[WHAT THE TASK ASKS]
Search term "Slika": copy each line of the records that contains it.

[PROVIDED DATA]
- - - - -

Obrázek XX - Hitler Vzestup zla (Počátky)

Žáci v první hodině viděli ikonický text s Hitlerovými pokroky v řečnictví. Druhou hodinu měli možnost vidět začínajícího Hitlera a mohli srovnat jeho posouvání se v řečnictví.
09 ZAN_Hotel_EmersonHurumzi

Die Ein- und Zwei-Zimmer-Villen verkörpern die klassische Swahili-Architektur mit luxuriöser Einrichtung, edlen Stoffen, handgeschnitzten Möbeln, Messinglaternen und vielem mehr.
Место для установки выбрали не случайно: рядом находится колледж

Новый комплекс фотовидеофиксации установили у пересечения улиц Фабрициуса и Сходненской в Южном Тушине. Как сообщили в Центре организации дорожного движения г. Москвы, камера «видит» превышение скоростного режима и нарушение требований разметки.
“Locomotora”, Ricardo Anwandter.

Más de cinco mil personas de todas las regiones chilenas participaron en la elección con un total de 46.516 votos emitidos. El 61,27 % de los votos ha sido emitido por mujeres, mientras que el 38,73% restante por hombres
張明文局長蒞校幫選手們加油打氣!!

- - - - -

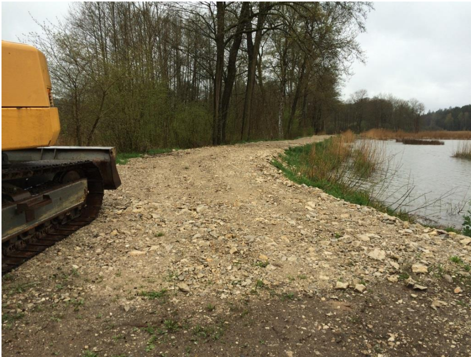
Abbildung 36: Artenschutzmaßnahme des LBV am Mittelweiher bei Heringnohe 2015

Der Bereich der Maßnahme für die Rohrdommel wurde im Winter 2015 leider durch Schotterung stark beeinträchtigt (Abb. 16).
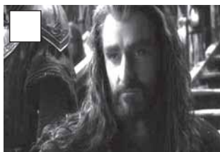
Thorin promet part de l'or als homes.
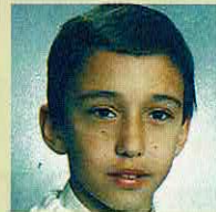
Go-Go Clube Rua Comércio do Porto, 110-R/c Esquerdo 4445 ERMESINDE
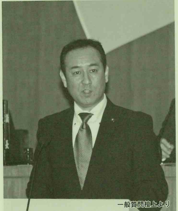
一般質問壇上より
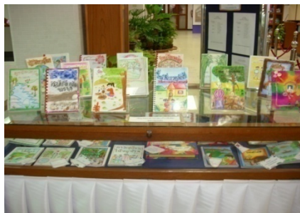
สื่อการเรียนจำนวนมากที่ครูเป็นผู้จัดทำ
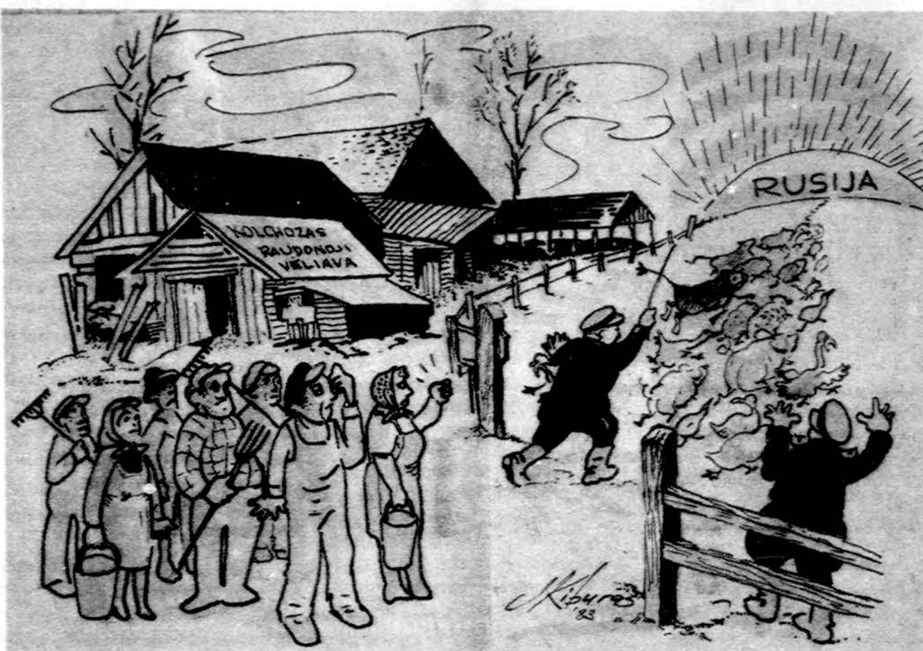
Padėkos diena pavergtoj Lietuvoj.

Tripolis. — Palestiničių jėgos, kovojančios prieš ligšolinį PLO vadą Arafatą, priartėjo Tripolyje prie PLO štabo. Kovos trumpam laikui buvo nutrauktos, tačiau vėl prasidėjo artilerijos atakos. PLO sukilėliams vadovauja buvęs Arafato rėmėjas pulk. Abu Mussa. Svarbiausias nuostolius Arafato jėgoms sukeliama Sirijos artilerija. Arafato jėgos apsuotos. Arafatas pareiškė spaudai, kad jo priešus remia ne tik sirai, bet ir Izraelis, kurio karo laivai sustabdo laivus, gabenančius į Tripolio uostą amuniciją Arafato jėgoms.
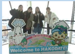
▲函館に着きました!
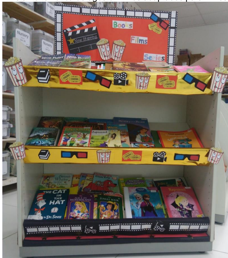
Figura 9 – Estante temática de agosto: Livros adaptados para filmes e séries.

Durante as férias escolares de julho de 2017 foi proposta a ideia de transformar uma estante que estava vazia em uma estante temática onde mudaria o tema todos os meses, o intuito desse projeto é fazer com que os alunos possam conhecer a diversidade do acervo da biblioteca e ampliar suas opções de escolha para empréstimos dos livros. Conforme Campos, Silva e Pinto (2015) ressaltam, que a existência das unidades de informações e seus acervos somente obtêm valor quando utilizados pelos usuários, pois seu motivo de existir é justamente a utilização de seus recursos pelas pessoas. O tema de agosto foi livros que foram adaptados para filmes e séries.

- - - - -

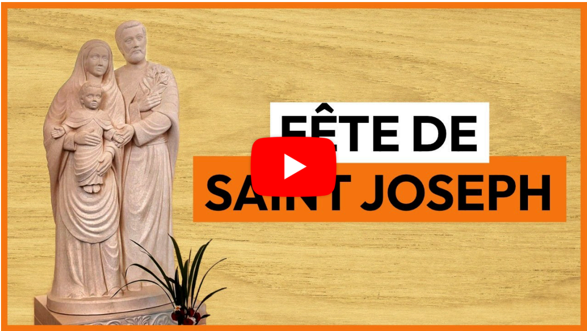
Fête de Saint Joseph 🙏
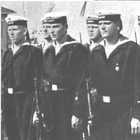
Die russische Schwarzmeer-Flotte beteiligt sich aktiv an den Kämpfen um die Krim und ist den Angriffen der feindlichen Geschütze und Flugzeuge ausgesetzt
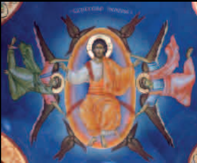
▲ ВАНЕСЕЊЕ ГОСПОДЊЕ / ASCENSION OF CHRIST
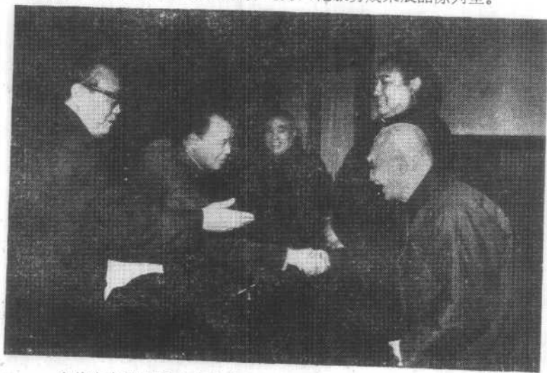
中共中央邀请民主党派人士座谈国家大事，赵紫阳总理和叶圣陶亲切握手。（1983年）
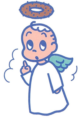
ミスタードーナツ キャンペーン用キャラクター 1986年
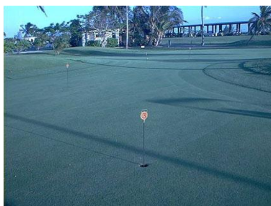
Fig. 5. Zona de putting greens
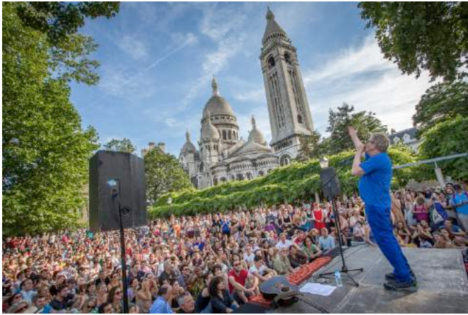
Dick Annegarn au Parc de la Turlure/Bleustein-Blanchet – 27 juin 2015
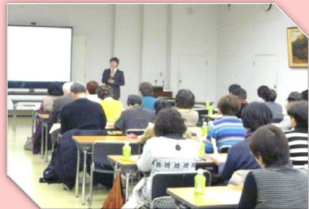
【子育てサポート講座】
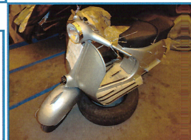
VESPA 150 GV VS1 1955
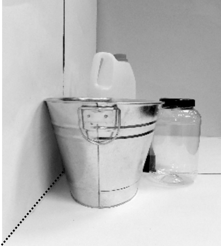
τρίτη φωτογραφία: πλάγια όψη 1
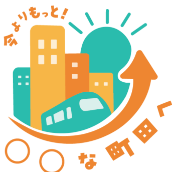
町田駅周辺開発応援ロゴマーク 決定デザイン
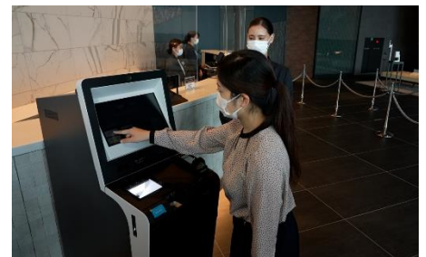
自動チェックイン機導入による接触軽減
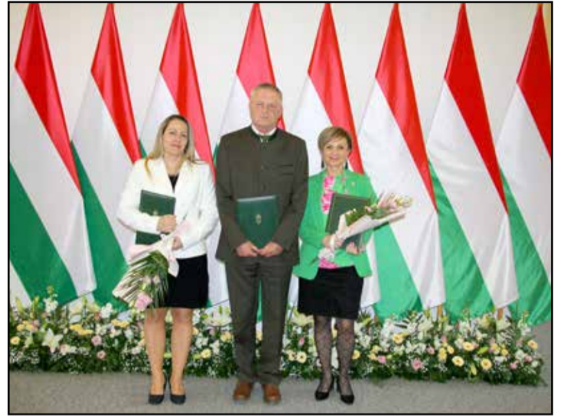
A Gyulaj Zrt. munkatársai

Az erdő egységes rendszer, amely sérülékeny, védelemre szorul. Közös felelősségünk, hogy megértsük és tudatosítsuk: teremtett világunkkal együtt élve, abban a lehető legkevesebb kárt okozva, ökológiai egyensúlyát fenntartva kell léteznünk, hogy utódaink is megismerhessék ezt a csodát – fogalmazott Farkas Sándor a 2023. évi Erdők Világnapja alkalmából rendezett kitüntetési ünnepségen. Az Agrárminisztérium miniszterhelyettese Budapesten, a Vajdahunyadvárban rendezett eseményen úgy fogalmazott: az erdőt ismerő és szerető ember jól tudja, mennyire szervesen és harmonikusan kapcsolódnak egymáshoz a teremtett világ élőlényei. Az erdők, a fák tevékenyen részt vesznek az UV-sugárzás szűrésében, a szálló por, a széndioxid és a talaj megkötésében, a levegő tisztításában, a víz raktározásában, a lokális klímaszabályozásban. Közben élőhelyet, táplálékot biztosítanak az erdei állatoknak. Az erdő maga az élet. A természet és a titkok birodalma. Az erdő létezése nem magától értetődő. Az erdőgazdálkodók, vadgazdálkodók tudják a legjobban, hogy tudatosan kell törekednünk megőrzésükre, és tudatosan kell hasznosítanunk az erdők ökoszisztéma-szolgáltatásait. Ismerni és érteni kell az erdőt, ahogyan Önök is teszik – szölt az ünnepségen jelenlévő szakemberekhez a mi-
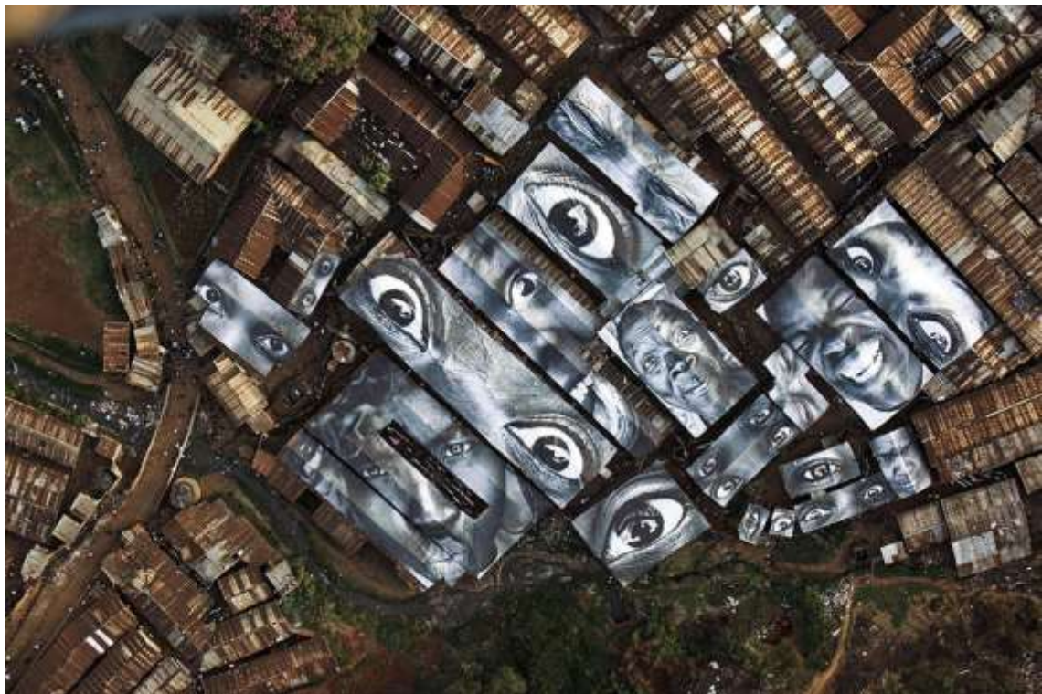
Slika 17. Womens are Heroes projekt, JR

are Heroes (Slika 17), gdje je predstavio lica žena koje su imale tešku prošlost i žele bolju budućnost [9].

- - - - -

[RESPONSE TO THIS EXERCISE]
Slika 17. Womens are Heroes projekt, JR
are Heroes (Slika 17), gdje je predstavio lica žena koje su imale tešku prošlost i žele bolju budućnost [9].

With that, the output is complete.